Freeing a chunk of memory doesn't mean that the content written their is erased/cleared. In fact your program invokes undefined behavior.
Accessing memory chunks that were previously freed is the cause of many memory errors for novices and experienced programmers.
When memory is "free" it just means that it is available to be used again. Any data that was stored there will remain until that section of memory is used again. But if you were to write more complex code, call some functions, pass some variables, allocate some variables.. you would see this memory being reused.

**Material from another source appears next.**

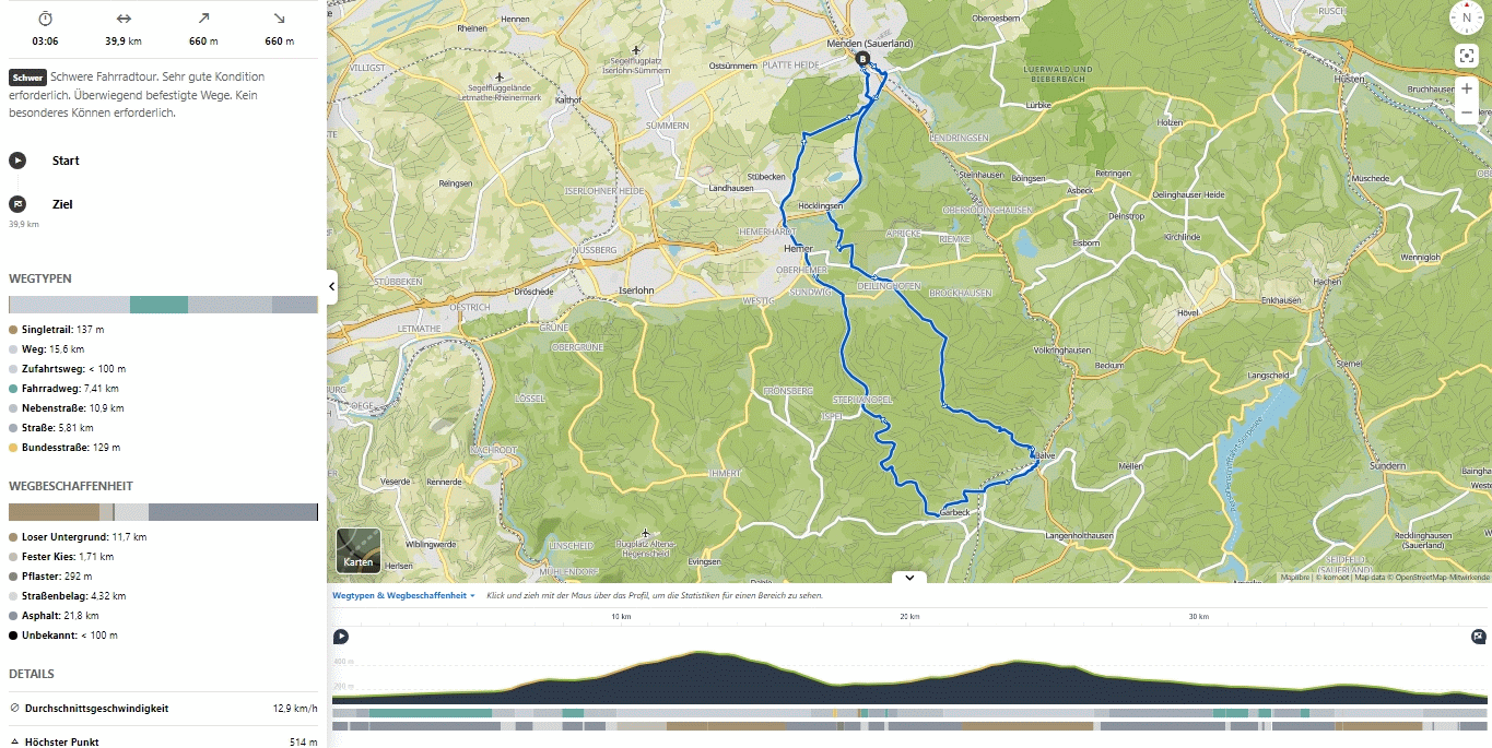 | 40 km | 13 km/h | fester Belag | bergig | 660 m |

This is a common problem that you have to think about when you are coding in C. For example, let's say you are writing a function which returns a string value.. you need some space to store that string which will remain valid after your function exits. You cannot allocate it as a local variable within the function (or block, as you did in your question) because that memory only belongs to you for the duration of your function.
eg:
char *func1() {
mydata = "here is the data";
/* NO! */
return mydata;
}
int main(int argc, char**argv) {
char *s = func1();
/* s now contains a pointer to where mydata WAS but this memory is out of scope */
/* at some point it will be written over with something else and your program */
/* will break */
}
So, how can we write this? One common solution is:
char *func1(char *s, int len) {
mydata = "here is the data";
/* copy the data into the provided memory.. but if it is too short, */
/* make sure the string is null terminated */
strncpy(s, mydata, len);
s[len-1] = 0;
return s;
}
int main(int argc, char**argv) {
/* allocate at least as much memory as we will need */
char mymem[100];
/* pass pointer to mymem into func1, and tell func1 how much space it has */
char *s = func1(mymem, sizeof(mymem));
}
Makes sense? You can also use malloc() and free(), but that is too much for this question...